Exercise brief ->
Using the data below, restate exactly every line from the one with "齐德才教授是全国知名德育专家" up to and including the one with "Duke Fitness Hantelbank Set: Preiswertes". No picture belongs in it.

Data provided ->
▬▬▬▬▬▬

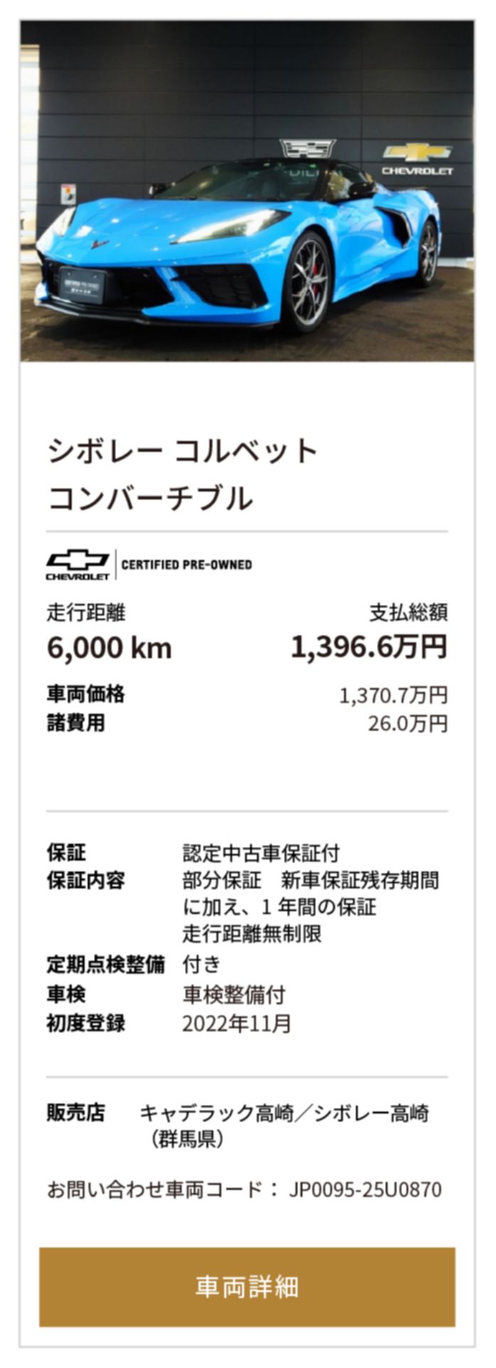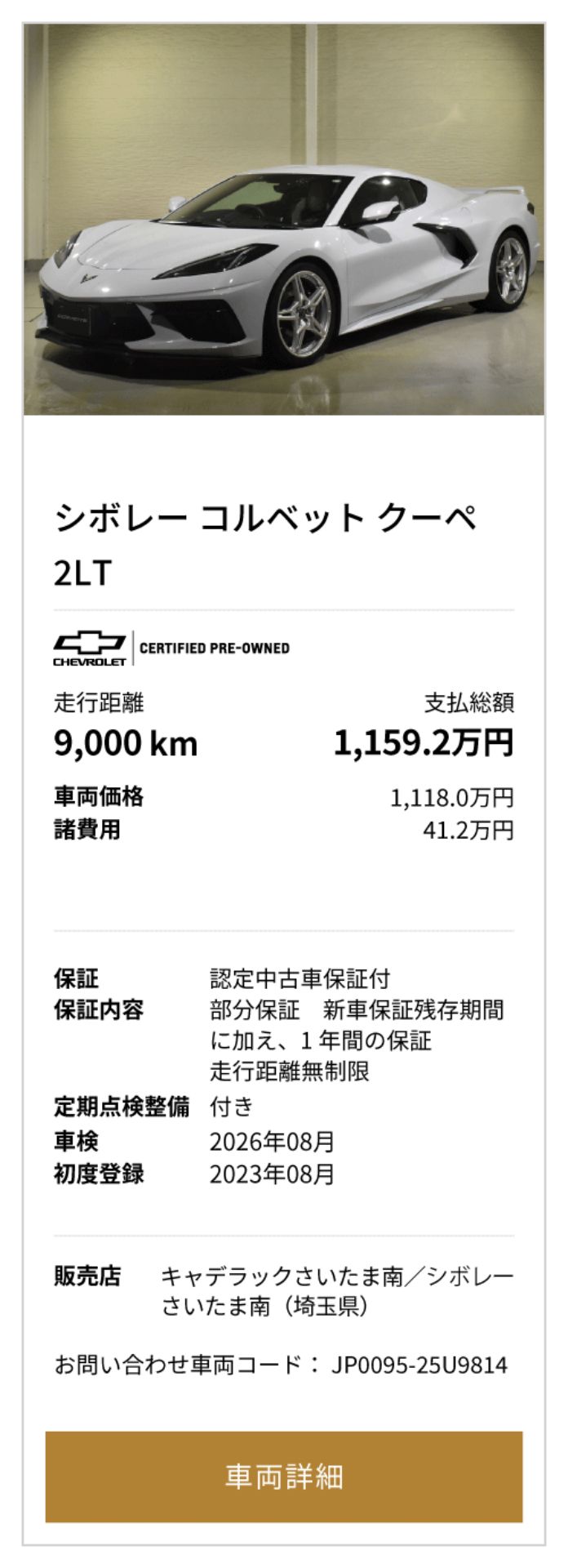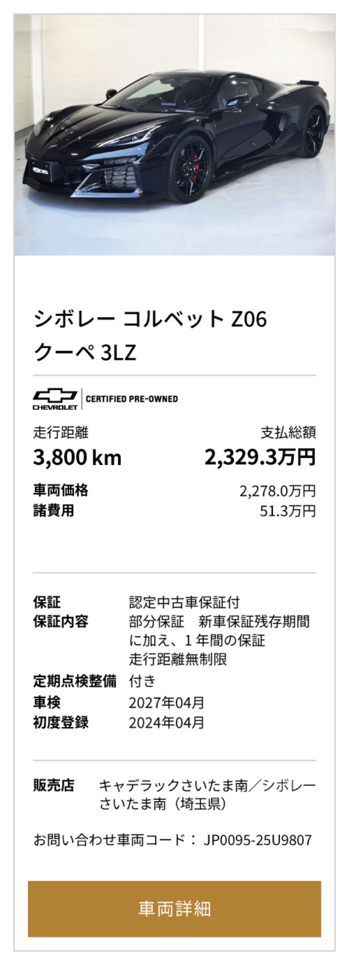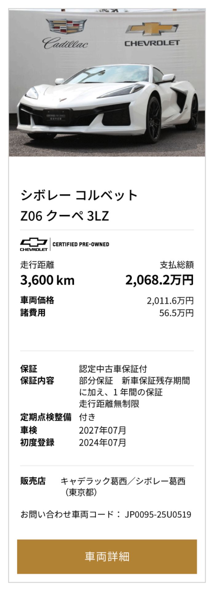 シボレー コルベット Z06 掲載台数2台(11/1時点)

▬▬▬▬▬▬

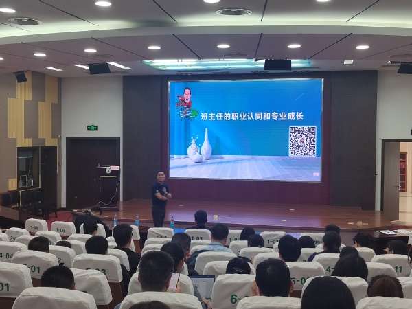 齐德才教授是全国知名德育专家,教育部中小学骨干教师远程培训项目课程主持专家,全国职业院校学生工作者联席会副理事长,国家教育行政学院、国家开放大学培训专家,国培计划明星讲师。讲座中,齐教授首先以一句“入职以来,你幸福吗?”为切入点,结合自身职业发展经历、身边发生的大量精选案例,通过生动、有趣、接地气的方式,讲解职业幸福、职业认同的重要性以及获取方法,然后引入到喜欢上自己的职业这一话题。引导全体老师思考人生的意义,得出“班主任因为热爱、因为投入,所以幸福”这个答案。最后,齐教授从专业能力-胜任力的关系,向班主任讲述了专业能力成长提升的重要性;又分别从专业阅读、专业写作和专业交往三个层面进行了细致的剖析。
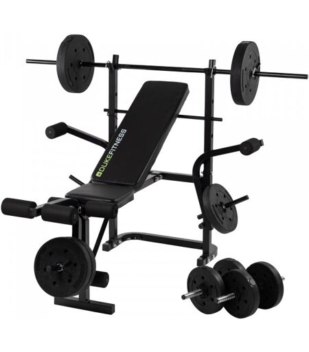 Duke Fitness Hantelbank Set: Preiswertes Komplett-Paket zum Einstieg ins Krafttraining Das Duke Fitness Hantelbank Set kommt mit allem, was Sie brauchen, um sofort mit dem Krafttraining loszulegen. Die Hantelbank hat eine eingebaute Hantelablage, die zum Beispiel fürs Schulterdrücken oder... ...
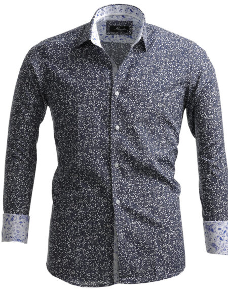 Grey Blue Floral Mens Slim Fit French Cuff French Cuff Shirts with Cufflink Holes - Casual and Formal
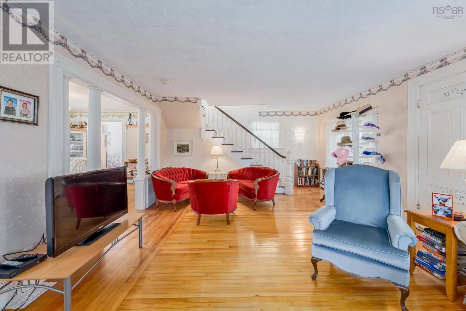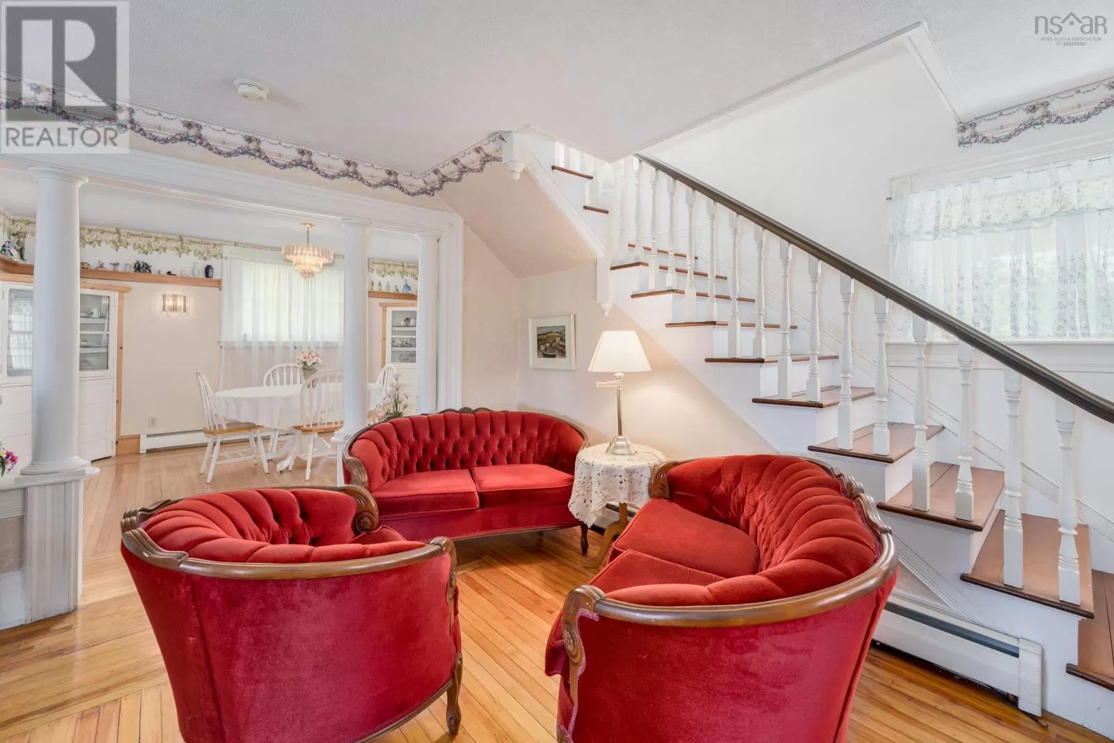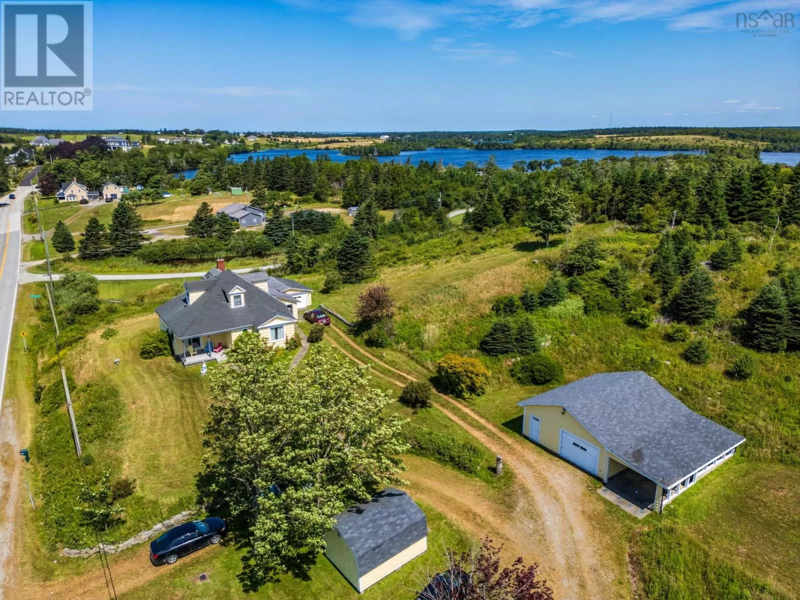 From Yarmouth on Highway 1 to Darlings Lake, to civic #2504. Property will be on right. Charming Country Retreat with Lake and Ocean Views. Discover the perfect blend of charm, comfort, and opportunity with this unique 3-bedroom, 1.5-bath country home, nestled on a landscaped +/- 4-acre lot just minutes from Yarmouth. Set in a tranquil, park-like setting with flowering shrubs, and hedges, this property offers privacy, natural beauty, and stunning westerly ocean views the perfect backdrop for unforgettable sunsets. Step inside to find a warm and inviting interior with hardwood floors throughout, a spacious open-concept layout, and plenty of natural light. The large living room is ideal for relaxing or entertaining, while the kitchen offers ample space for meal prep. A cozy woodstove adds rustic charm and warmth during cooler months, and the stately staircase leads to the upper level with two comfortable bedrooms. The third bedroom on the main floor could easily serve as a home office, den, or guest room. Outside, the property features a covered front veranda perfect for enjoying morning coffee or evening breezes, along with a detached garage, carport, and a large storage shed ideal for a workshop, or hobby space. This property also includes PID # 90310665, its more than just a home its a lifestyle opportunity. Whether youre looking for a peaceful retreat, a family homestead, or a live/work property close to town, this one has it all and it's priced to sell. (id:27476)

▬▬▬▬▬▬

Answer section ->
 齐德才教授是全国知名德育专家,教育部中小学骨干教师远程培训项目课程主持专家,全国职业院校学生工作者联席会副理事长,国家教育行政学院、国家开放大学培训专家,国培计划明星讲师。讲座中,齐教授首先以一句“入职以来,你幸福吗?”为切入点,结合自身职业发展经历、身边发生的大量精选案例,通过生动、有趣、接地气的方式,讲解职业幸福、职业认同的重要性以及获取方法,然后引入到喜欢上自己的职业这一话题。引导全体老师思考人生的意义,得出“班主任因为热爱、因为投入,所以幸福”这个答案。最后,齐教授从专业能力-胜任力的关系,向班主任讲述了专业能力成长提升的重要性;又分别从专业阅读、专业写作和专业交往三个层面进行了细致的剖析。
 Duke Fitness Hantelbank Set: Preiswertes Komplett-Paket zum Einstieg ins Krafttraining Das Duke Fitness Hantelbank Set kommt mit allem, was Sie brauchen, um sofort mit dem Krafttraining loszulegen. Die Hantelbank hat eine eingebaute Hantelablage, die zum Beispiel fürs Schulterdrücken oder... ...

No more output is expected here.